Ask HN: Which market testing tools have you found useful? - atte

I admit it: I've made the typical developer mistake more than once of building a product that I thought was "cool, and easy to whip together with Rails." I've said things like, "I'm sure that we'll be able to find users for it after we can show it to people."<p>I'm finally over that mentality, and from now on I will only build products after collecting thorough data that demonstrates a market need.  So, I'm wondering what tools hackers here have found especially useful for finding markets and testing viability of digital products (web services, apps).
======
genuine
Friends! Talking through things with honest people is the best feedback. This
doesn't work if you have a lot of supportive rather than honest and blunt
people around, so if needed talk to strangers first. Try going to a meetup for
something in your area- doesn't have to be the same language- there will be
geeks there. Pitch to them. Pitch to everyone you can that you think wouldn't
mind. And of course, put your site up on HN and ask for honest feedback, but
do that only when you have something that you wouldn't tear apart yourselves.
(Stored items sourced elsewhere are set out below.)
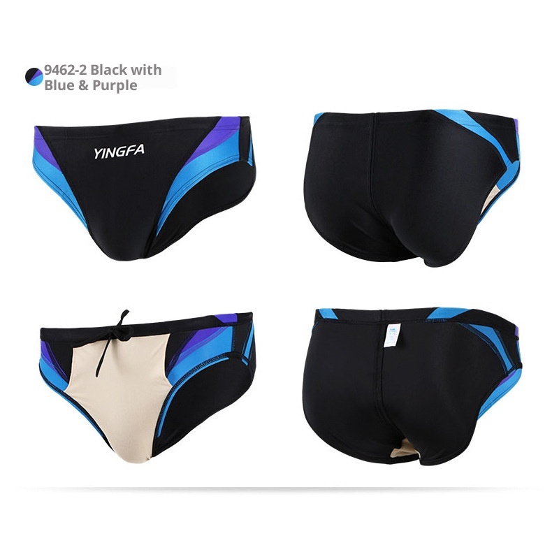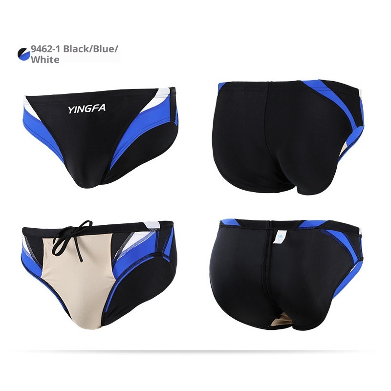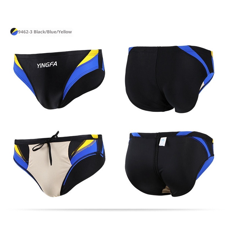 Item Number:Yingfa 9462,Product Source Category:In Stock,Inventory Type:Complete order,Brand:Yingfa,Is it for export?:No,Suitable age group:Adult,Applicable Gender:Male,Origin:Guangdong,Pattern:Color Blocking,Fabric Name:Polyester,Fabric Composition:Polyester Fiber Dacron,Fabric Composition Content:80,Gram weight:200,Lining Material Name:Polyester,Lining Composition:Polyester Fiber Dacron,Lining Material Composition Content:Polyester Spandex,Applicable Scenarios:Fitness and Bodybuilding, Swimming and Water Sports,Color:Black with Blue and White 9462-1, Black with Blue and Purple 9462-2, Black with Blue and Yellow 9462-3, Black with Orange and Gray 9462-4,Size:XS, S, M, L, XL, 2XL, 3XL,Is it exclusively for cross-border export supply?:No,Patent Type:None,Foreign Trade Export Certification:None,Design:Triangle briefs, Boxer shorts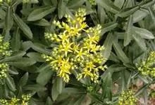 费菜 ’t Hart),又名土三七、三七景天、景天三七等,为景天科费菜属多年生草本植物。费菜根状茎短,有1-3条茎,直立。叶互生,狭披针形、椭圆状披针形至卵状倒披针形;叶坚实,近革质。聚伞花序有多花,…全部>>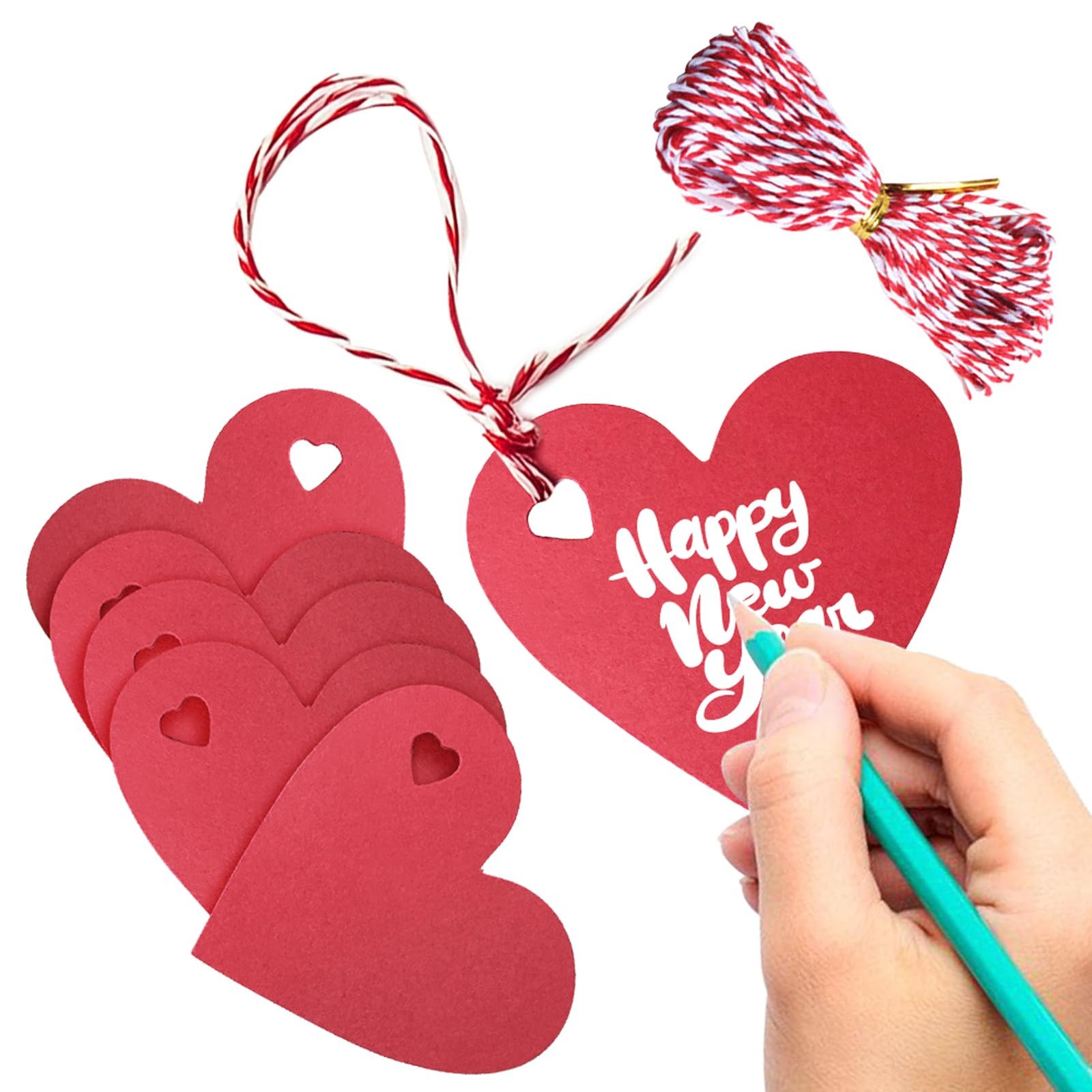 Details: 【BLANK WRITABLE】The gift tags can be written with pens of various colors, including ballpoint pens, fountain pens, markers, etc. You can write the personalized blessings or messages you want to express, making the gift more unique. 【WIDE APPLICATION】The gift tags are suitable for various festivals, such as Christmas, Valentine’s Day, birthdays, weddings, graduations, Children’s Day, Easter, Thanksgiving, parties, etc., making your gifts more beautiful, warm and thoughtful. 【DURABLE MATERIAL】The gift tags are made of thick paper, which can be reused, are not easy to deform and tear, can be written smoothly without allowing ink to penetrate and damage the tag, and can be stored for a long time. 【RED HEART SHAPE】The gift tag is designed in the shape of a red heart, symbolizing love and passion, expressing your deep affection and adding a strong festive atmosphere. It is suitable for giving to lovers, friends or family members. 【WITH ROPE】The 10m rope is used to pass through the hole of the gift tag. The tag can be tied to the gift, or multiple tags can be connected in series to form an exquisite gift string, making the entire gift more exquisite and eye-catching.

BTW- only building apps where there is a market need is a surefire way to
stifle creativity and lose interest. Start up a project on GitHub for fun that
does something cool and do that to get your creative juices flowing. Then
don't abandon it. There was a study a few years ago that found that the
majority of "successful" free or open source projects have a developer
associated with them that only started that one or two free or open source
projects (ever).

------
eytanlevit
1\. Talking with your potential users looking for problems - warning: it's
gonna be hard but with a very high ROI. 2\. I've recently used Google Consumer
Survey - you can get a $150 coupon by sending an email request to:
pmcdonald@google.com 3\. I'm now working on a survey to send to people I know
that will be willing to fill in many questions.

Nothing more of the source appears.